I grandi campioni non lo sono soltanto in campo. E in questo, Géza Kertész non fece affatto eccezione. Lo Schindler del Catania, come viene soprannominato, forse non sarà noto ai più ma ha lasciato un segno nella storia con le sue azioni, calcistiche e non.

Nato nel 2011, sulla spinta delle ricerche storiche degli autori del libro “Tutto il Catania minuto per minuto”, il “Comitato pro Géza Kertész” riunisce un gruppo di cittadini catanesi amanti dello sport, della storia e della propria città che vogliono, attraverso il proprio impegno e la proposta di intitolazione di una piazza o di una via cittadina, tenere viva la memoria dell’allenatore che guidò la formazione rossazzurra dal 1933 al 1936 e dal 1941 al 1942 portandola ai primi successi in ambito nazionale.

Nato in Ungheria nel 1894 Géza Kertész raggiunse l’Italia poco più che trentenne e vi trascorse gran parte della sua vita. Mediano-interno in patria, in Italia la sua carriera lo vide prima giocatore e poi allenatore nelle serie minori per culminare poi con un biennio in serie A sulla panchina di Lazio e Roma. Vinse sei campionati, ottenendo quattro promozioni dalla terza alla seconda serie. Fu il primo allenatore a portare, nel 1933, il Catania in serie B. A lui si deve l’introduzione del ritiro pre-partita e di nuove geometrie di gioco in campo.

Geza_Kertész_(Atalanta)

Venne accolto con affetto dalla città etnea dove per diversi anni risiedette con la sua famiglia nella villa Spadaro-Ventura poco distante dalla zona in cui fervono i lavori di completamento del nuovo stadio Cibali. Nonostante i grandi successi in campo abbandonerà la guida della squadra quando il presidente-mecenate Vespasiano Trigona la affidò alla federazione fascista catanese. Tornerà dopo qualche anno. L’inizio della guerra lo vede far ritorno nella sua patria, occupata dai nazisti, alla guida la squadra dell’Ujpest. Le persecuzioni nei confronti degli ebrei all’ordine del giorno non trovarono Géza indifferente. Organizzò un gruppo di resistenza con la complicità di Istvan Toth, ex compagno di squadra e tecnico del Ferncvaros, e aiutarono tantissimi ebrei a scappare e a sfuggire alla furia nazifascista nascondendoli in case e monasteri sfruttando anche la conoscenza della lingua tedesca per fingersi soldato della Wehrmacht e favorirne la fuga dal ghetto di Budapest. Scoperti dalle SS vennero fucilati il 6 febbraio 1945, pochi giorni prima che Budapest venisse liberata.

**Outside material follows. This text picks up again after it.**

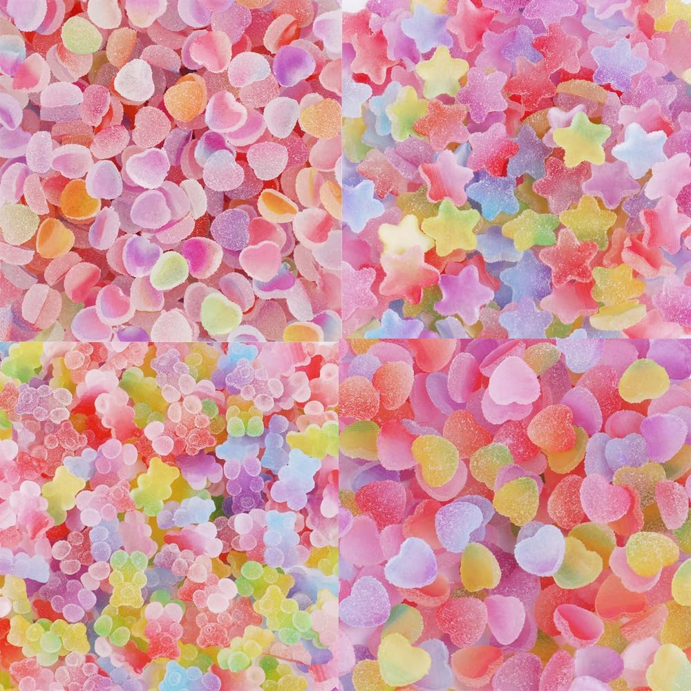Adorable Gummy Designs:Enhance your manicure with our cute 3D mixed color cartoon gummy bear, star, and heart nail charms. Available in pink, purple, blue, and green, these accessories add a fun and vibrant touch to your nail art.
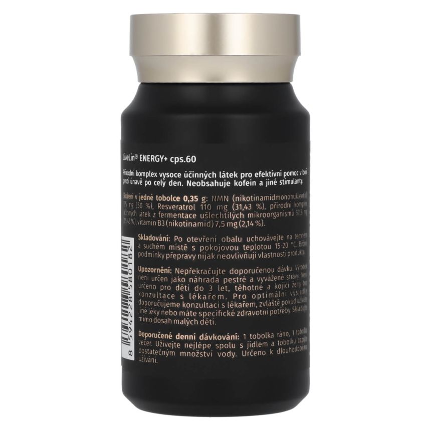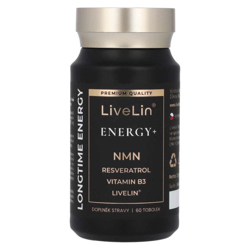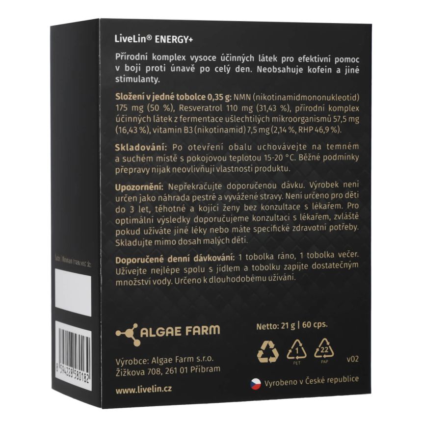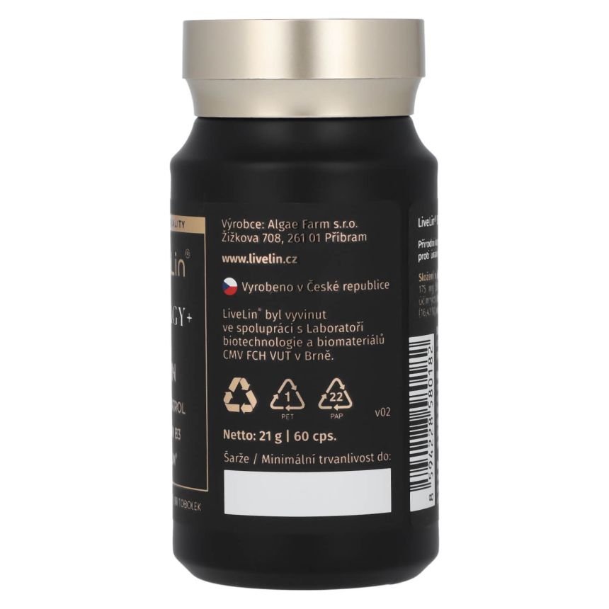 Doplněk stravy LiveLin® Energy+ je čistě přírodní komplex účinných látek podporujících správnou činnost nervového systému, kognitivních funkcí mozku a energetického metabolismu. Obsahuje unikátní mikronizovanou biomasu LiveLin®, vyrobenou biotechnologickým fermentačním procesem, při němž se využívají ušlechtilé mikroorganismy k produkci účinných látek nezbytných pro imunitu a trvalé zdraví. Je uložen v enterosolventní tobolce, která chrání před degradací látek žaludeční kyselinou a zajišťuje vstřebatelnost účinných látek v tenkém střevě. Neobsahuje kofein a jiné stimulanty, přídatné látky, barviva, ochucovadla ani stabilizátory.

Avanzata diversi anni fa dal comitato la proposta di intitolazione di un piccolo parco all’allenatore giace dimenticata in un cassetto dell’ufficio tomoponomastica. Ad oggi, nonostante le proposte e la realizzazione di una mostra in suo onore, lo “Schindler del Catania” non ha un luogo o una targa che lo ricordi.

In occasione del 70esimo anniversario della Liberazione il comitato avanza nuovamente al sindaco Enzo Bianco la proposta, sostenuta da una petizione on line, di un gesto importante per ricordare un eroe del secolo scorso: dedicargli un murales per il 25 aprile. «Recentemente» scrivono i promotori dell’iniziativa «il Comune di Catania ha deciso di dedicare al giornalista Candido Cannavò una piazza, all’interno della quale è stato realizzato un murales. Vorremmo che anche all’allenatore-eroe, allo Schindler di Catania, fosse riservato un onore simile: i valori universali che la sua storia racconta – lealtà, coraggio e sportività – devono essere trasmessi ai più giovani».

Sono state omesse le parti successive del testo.